Фонарь выхватил ее лицо. С крупной челюстью, чернотой под глазами от дешевой туши. Верхняя губа покраснела и расплылась.
– Зачем тебе этот спектакль?
Катя опустила голову, как будто собиралась сказать что-то неприличное.
– Я… я хочу стать актрисой.
Сопли нависли под Катиным носом, как сталактиты. Лена подошла и крепко обняла ее. У Кати было больше шансов найти клад в пещере, чем попасть на сцену.
– Слушай, я готова вернуть тебе роль. Но решение буду принимать не я.
– А кто? Миссис Поттер?
– Чего?
– Ну, Светлана Гарьевна.
– Нет, не она.
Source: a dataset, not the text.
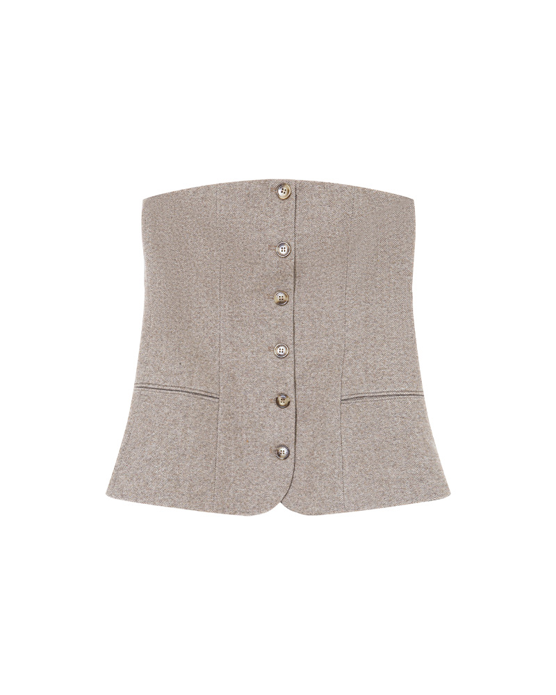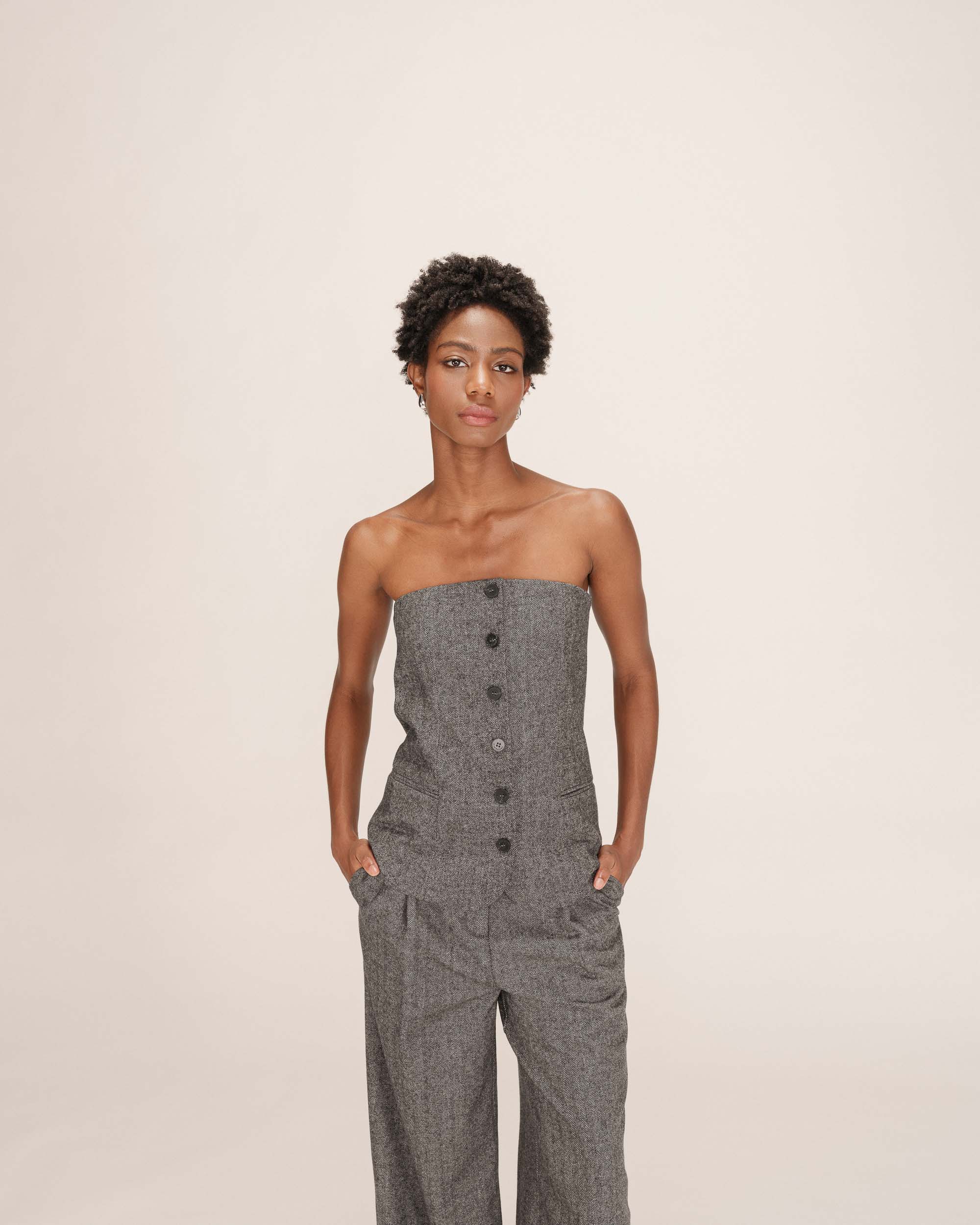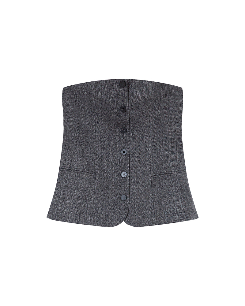 Crafted from a wool blend, the TANDEM fitted bustier is a bold and sophisticated piece. The fitted cut enhances feminine curves and creates a structured, elegant silhouette. The design features faux pockets and a faux button placket at the front. The TANDEM wool bustier has an elasticated back and a side zip fastening, offering both comfort and practicality.

Ты вернешься в спектакль, если Кира будет не против. Поговори с ней. Сама.
Катя вздохнула.
– Ладно, извинюсь перед рыжей. Я не хотела ведь, чтобы ее…
– Я знаю, Кать.
– У вас есть ее номер?
Катя отошла в сторону, села на железную трубу и достала потертую раскладушку. До Лены доносились какие-то обрывки и всхлипы: «ну косяк», «да блин», «тёлки», «дуры», «извини». Через два дня вся труппа снова была в сборе.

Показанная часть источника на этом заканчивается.